Watchdog Timer Best Practices: Preventing System Hangs and Failures

Watchdog Timer Best Practices: Preventing System Hangs and Failures

1. Choose the right type

• Hardware watchdog for critical systems requiring independent recovery.
• Software watchdog for lower-criticality tasks or where hardware isn’t available.
• Use a dual-layer approach (hardware + software watchdog) when reliability is paramount.

2. Set an appropriate timeout

• Calculate worst-case execution time (WCET) including interrupts, blocking I/O, and low-power wakeups.
• Add a safety margin (typically 1.5×–2× WCET) to avoid false resets.
• Use different timeouts for different operational modes (e.g., boot, runtime, low-power).

3. Implement robust petting/kick logic

• Only pet the watchdog when the system is in a known-good state (not simply on a timer).
• Use a centralized “health monitor” task that verifies critical subsystems before kicking.
• Avoid multiple unsynchronized tasks independently petting the watchdog.

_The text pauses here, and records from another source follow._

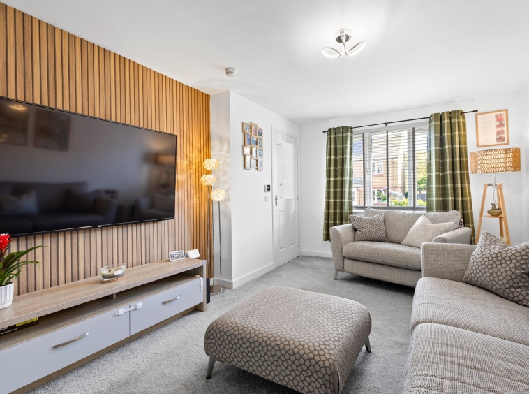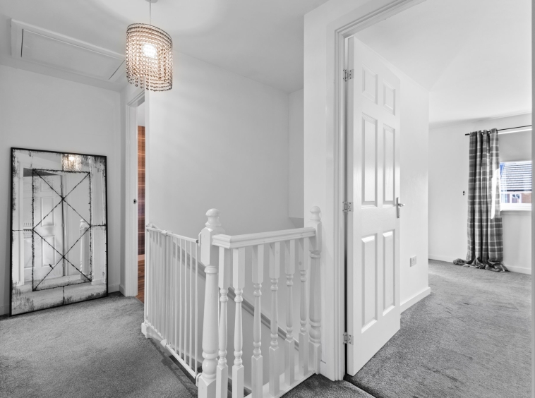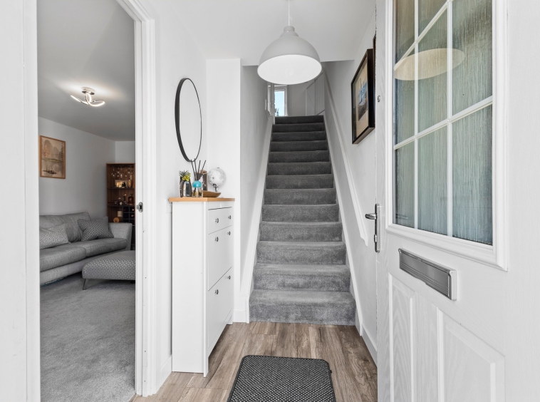 1.30m x 1.97m (4′ 3″ x 6′ 6″) Access is given to a welcoming spacious hallway boasting modern decor and laminate flooring. The hallway gives access to the lounge and a carpeted staircase leads to the upper level.
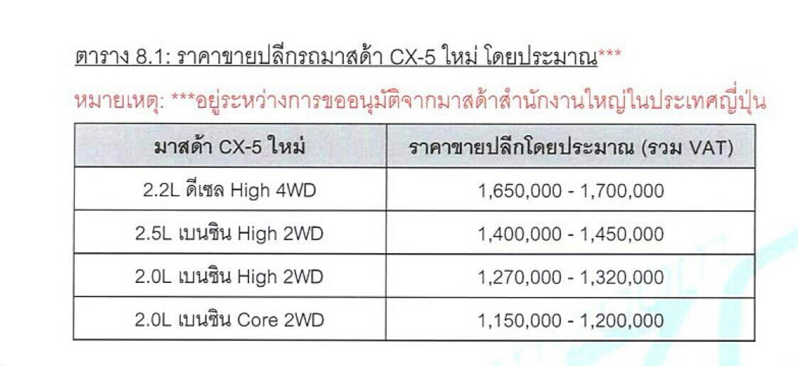 4. ดีเซล 2.2 skyactiv 173 แรงม้า @4,500 แรงบิด 420 n/m @ 2,000 ขับ 4 ไฟซีนอล ล้อ 19 ประมาณ 1,650,000
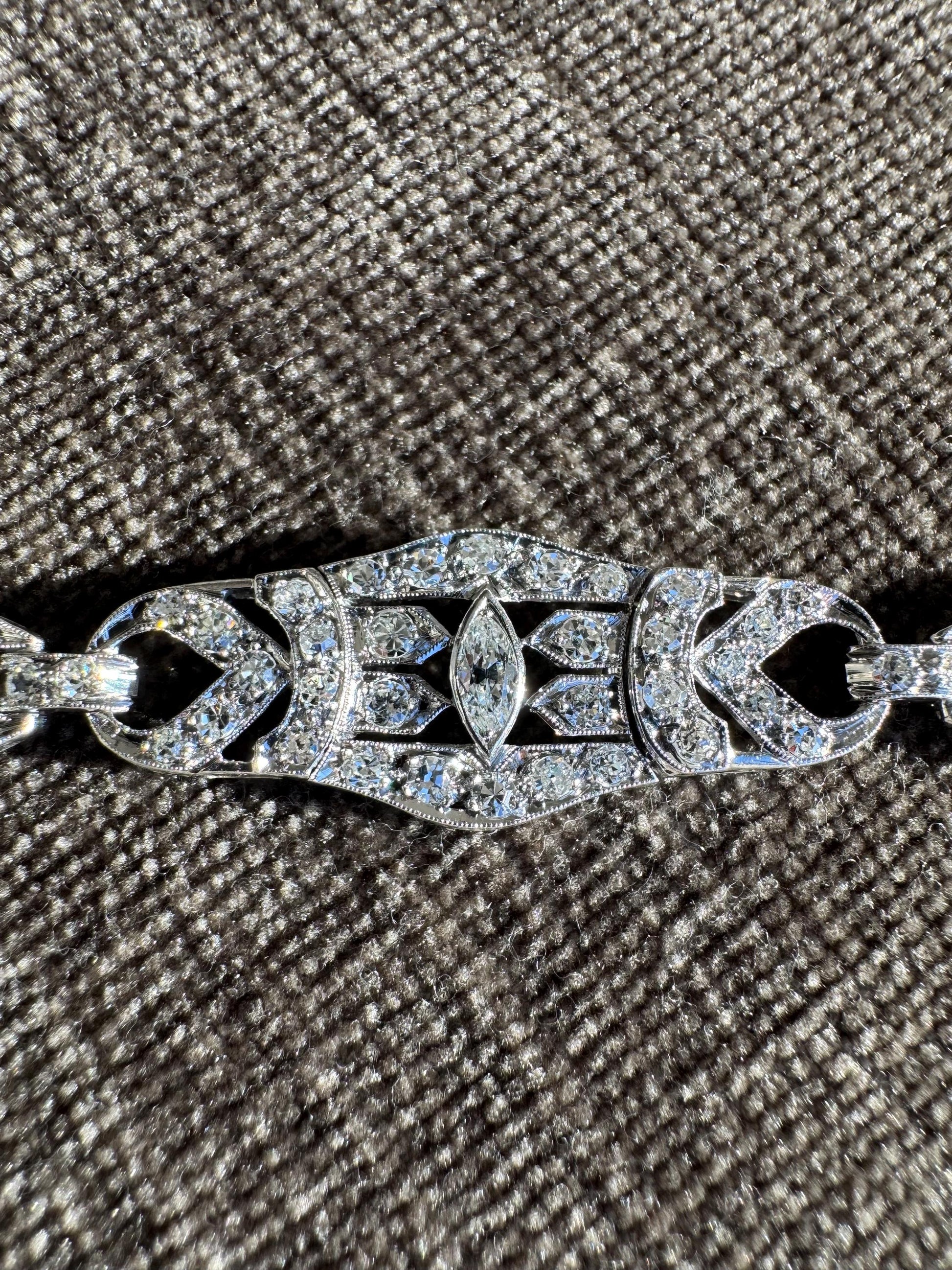 This exquisite vintage bracelet is a true Art Deco masterpiece—crafted in solid platinum with 77 natural diamonds, including one striking marquise-cut stone. With a total carat weight of approximately 1.86 ctw and beautifully graded stones (SI2–I1 clarity, H–I color), this piece shimmers with refined elegance and detailed craftsmanship.
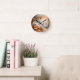 Whimsical Halloween scene with pumpkin and ghosts Round Clock
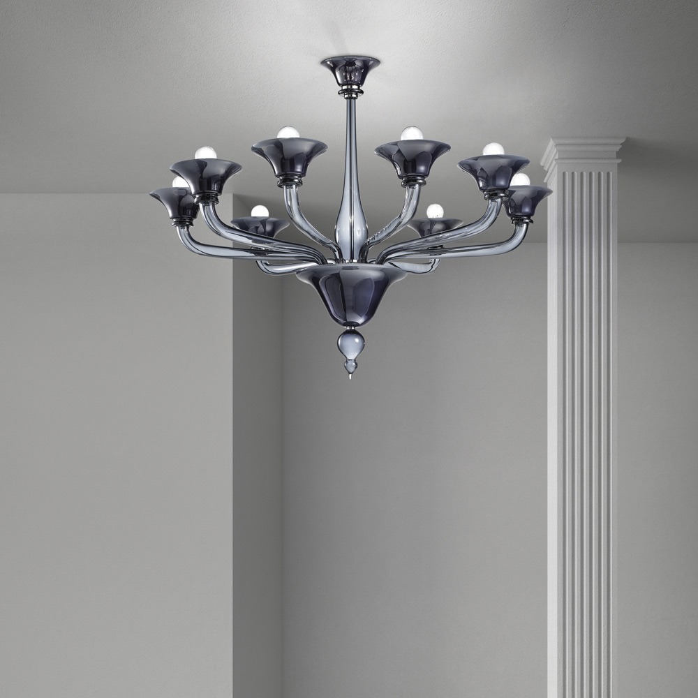 8 lights chandelier in Venice glass and metal Made in Italy.
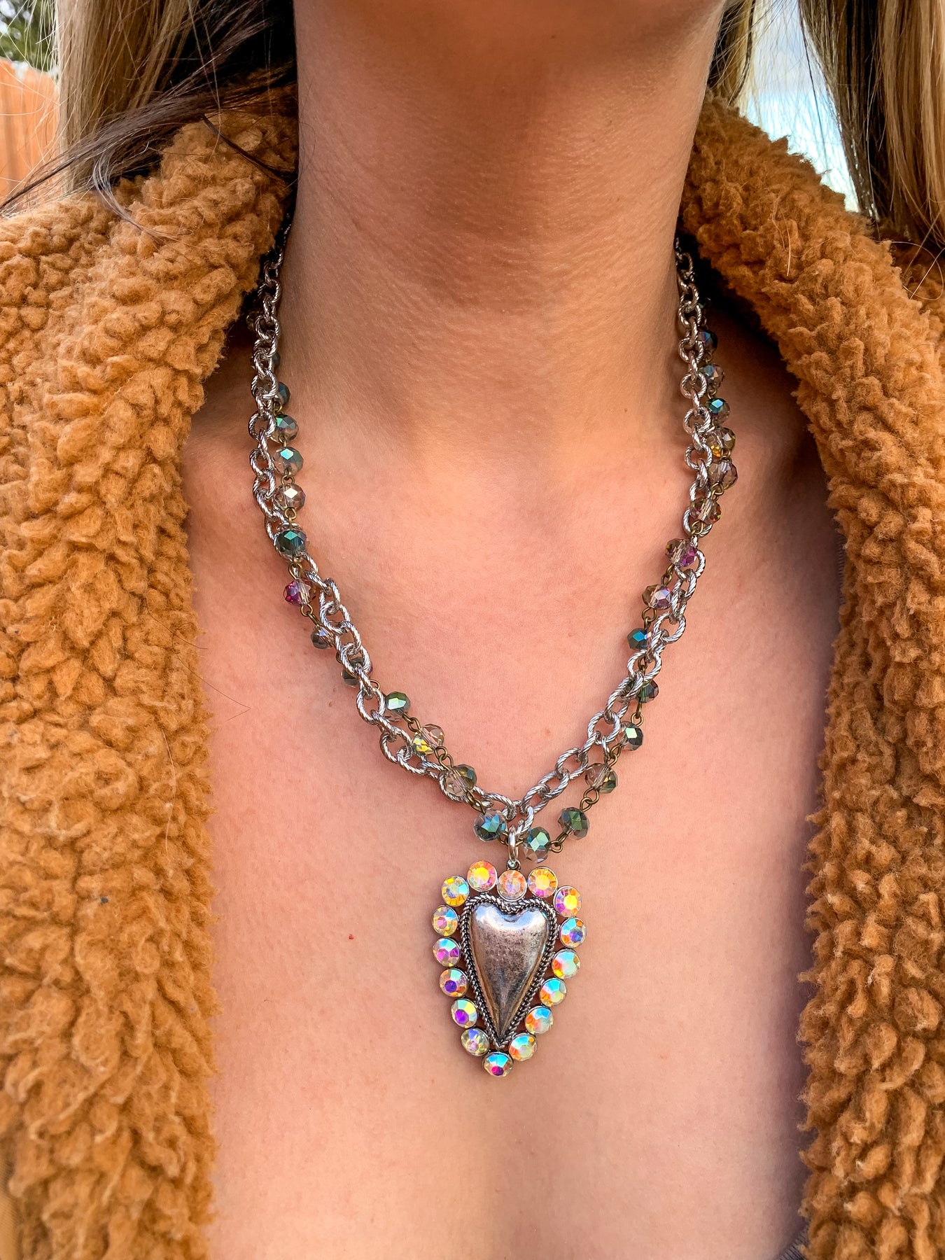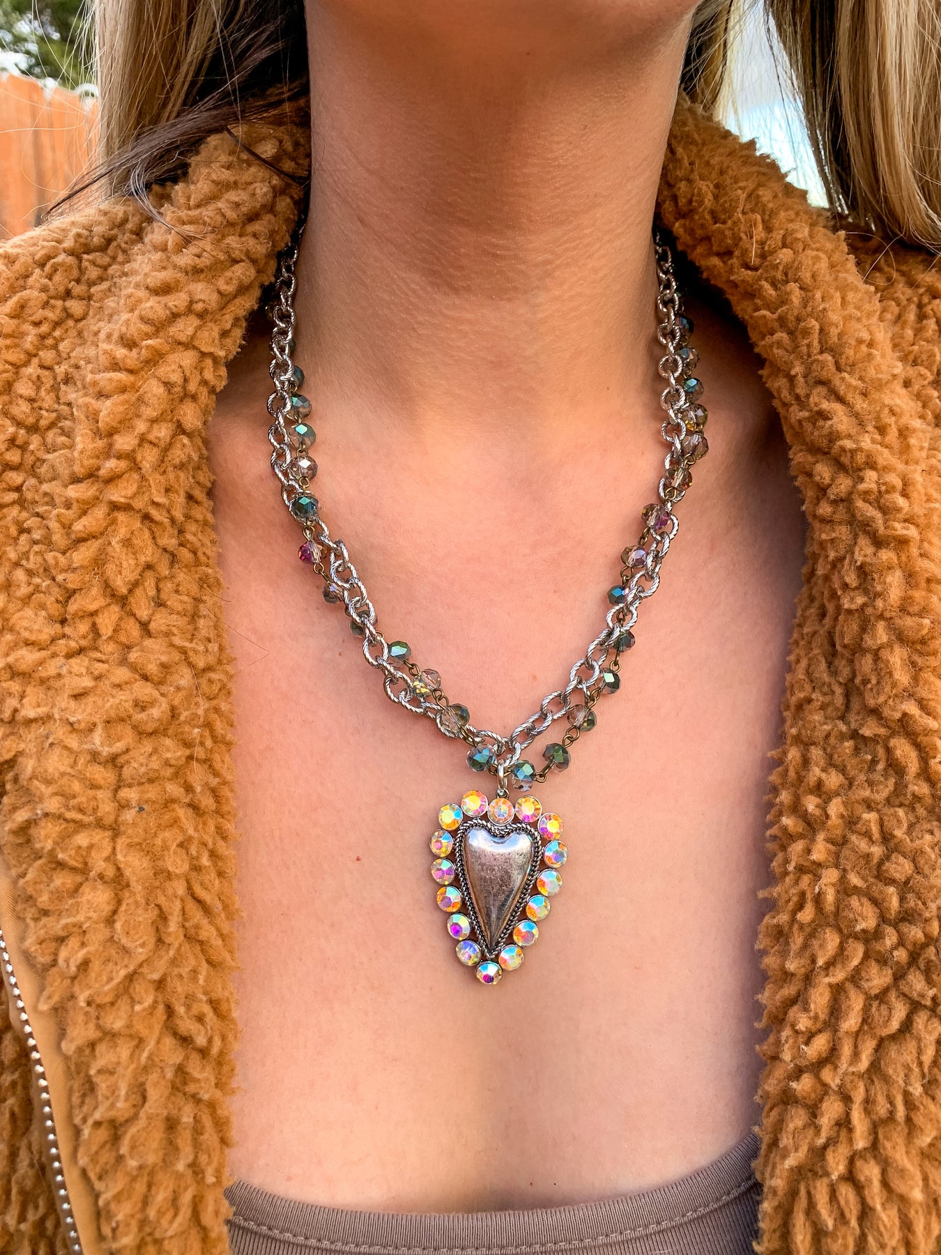 Heart of Hearts AB Chunky Heart Layered Upcycled Necklace
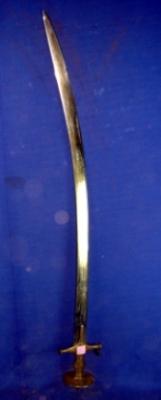 | Description / विवरण | Iron sword having curved blade and hilt with floral koft work. The blade tip is slightly bent. |
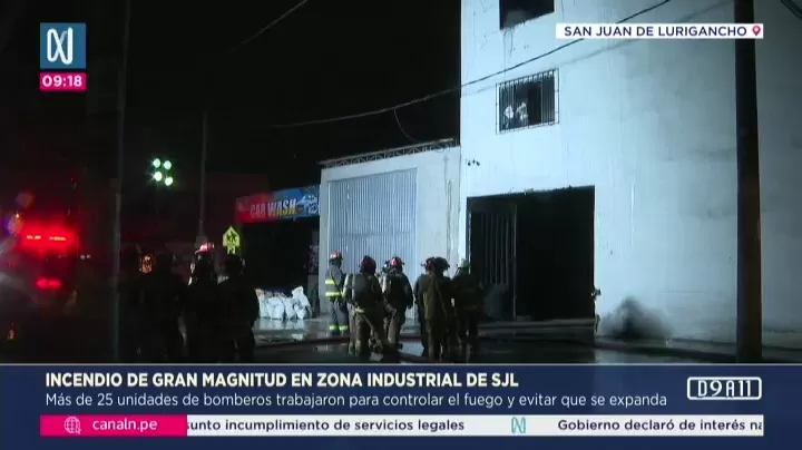 Un incendio de gran magnitud destruyó una fábrica de pinturas ubicada en la zona industrial de San Juan de Lurigancho. El siniestro se registró alrededor de las 5:40 de la tarde del domingo 9 de noviembre y generó fuertes explosiones que alarmaron a los vecinos del sector. Según reportes oficiales, más de 25 unidades del Cuerpo General de Bomberos trabajaron por más de cinco horas para controlar las llamas.
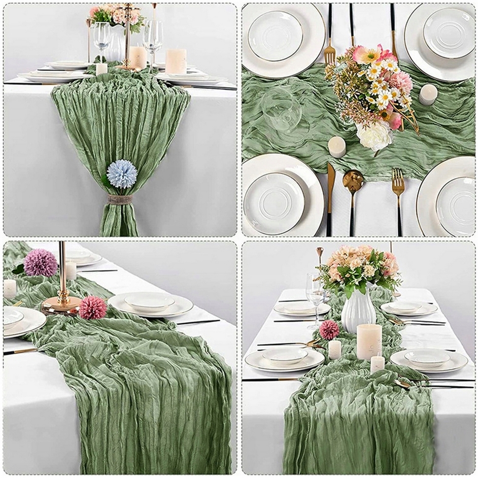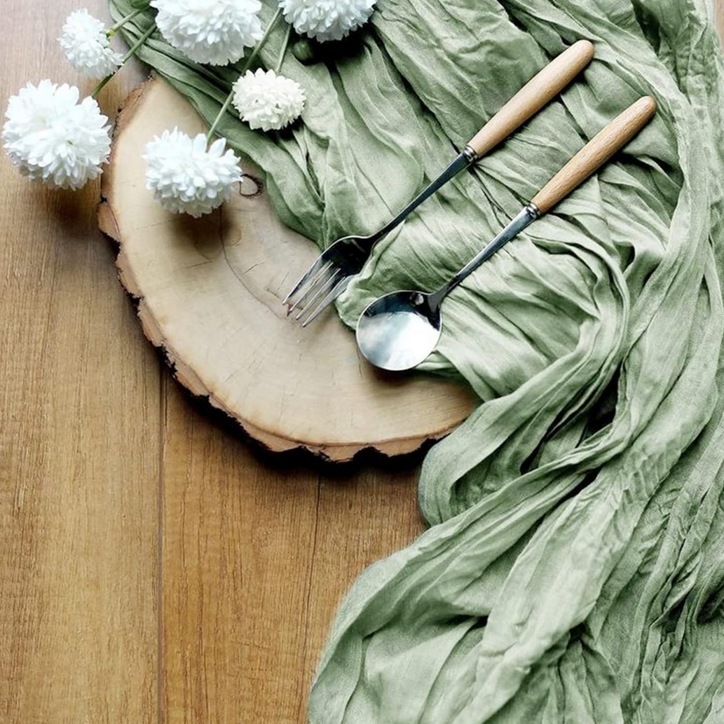 Bieżnik boho na stół oliwkowy marszczony dekoracja stołu ozdoba 3m
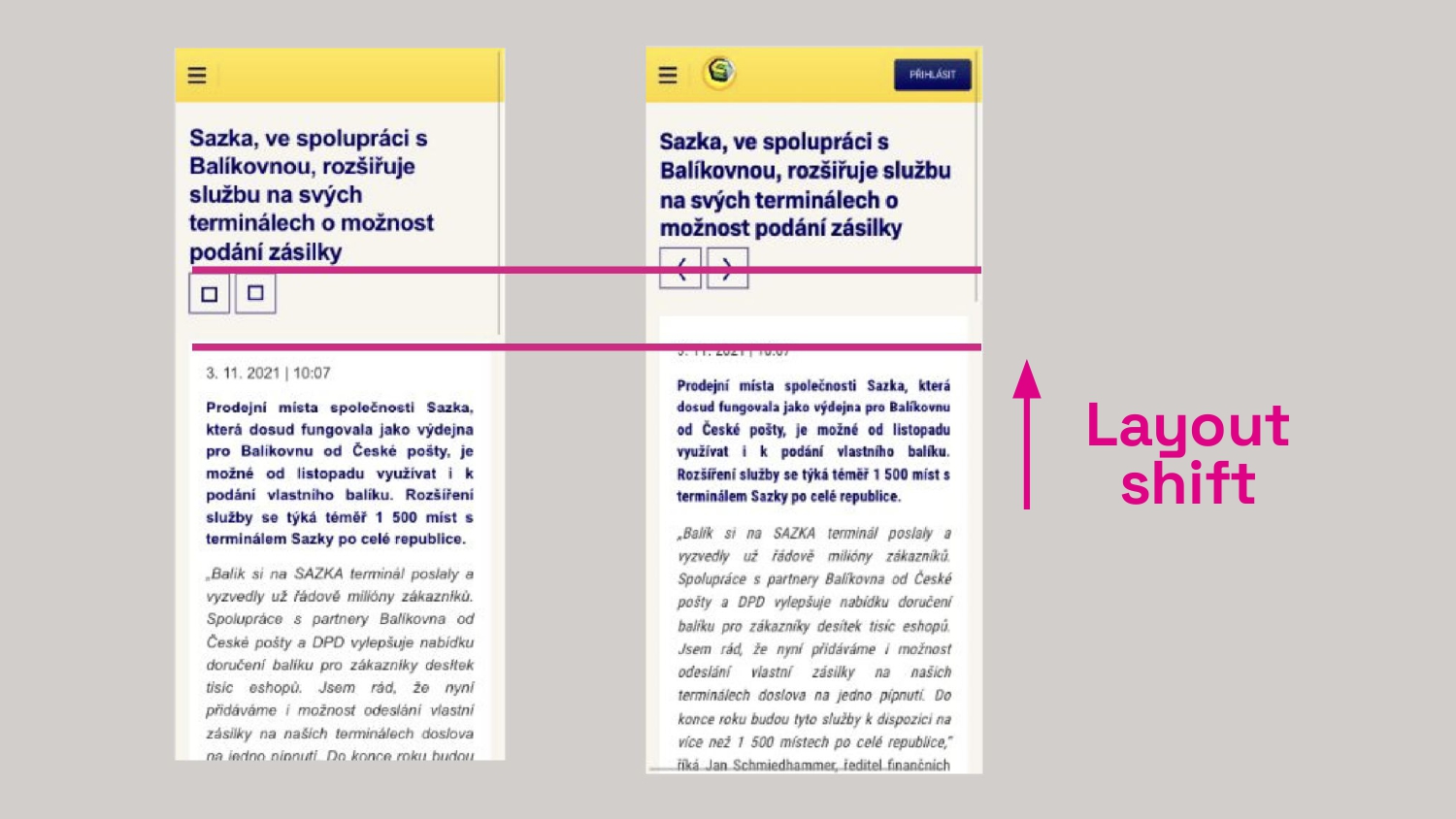 CLS není podivná zkratka, ale elektrický šok pro uživatele, kterému text poskočí přesně ve chvíli, kdy se chystá číst. (Z naší optimalizace fontů pro Sazka.cz)_

4. Monitor critical subsystems explicitly

• Check CPU, memory usage, key peripheral responses, task liveness, and communication links.
• Use heartbeat signals from important threads/processes; escalate if missing.
• Record fault counters to detect intermittent failures before reset.

5. Detect and differentiate failure modes

• Use non-volatile storage (or reserved RAM across warm resets) to log reset causes and stack traces.
• Classify resets (watchdog, brownout, software-initiated) to tailor recovery actions.
• On repeated watchdogs, switch to a safe mode, disable nonessential features, or enter firmware-recovery.

6. Provide graceful recovery paths

• Attempt controlled shutdown of peripherals and data flush if time allows before reset.
• After reset, run self-tests and decide whether to resume, rollback to known-good firmware, or enter maintenance mode.
• Offer remote reporting of reset events for diagnostics.

7. Protect against accidental disabling or starvation

• Restrict who/what can disable the watchdog (privileged code paths only).
• Implement watchdog kick tokens or counters to prevent misbehaving code from indefinitely petting the watchdog.
• In multi-core systems, require consensus or a central monitor before disabling.

8. Test thoroughly and include fault injection

• Simulate hangs, memory leaks, high interrupt load, and peripheral failures.
• Verify that timeouts trigger resets and that post-reset behavior is correct.
• Include watchdog behavior in automated regression tests.

9. Consider power and low-power interactions

• Ensure the watchdog continues or is appropriately reconfigured during sleep modes.
• For battery-powered devices, avoid unnecessary resets that drain power; use longer timeouts in low-power modes.

10. Document and log

• Document watchdog policy, timeouts per mode, and petting logic in design docs.
• Log reset reasons and timestamps to aid debugging and trend analysis.

Implementing these practices will reduce false resets, improve system resilience, and ensure that genuine hangs lead to timely, diagnosable recovery.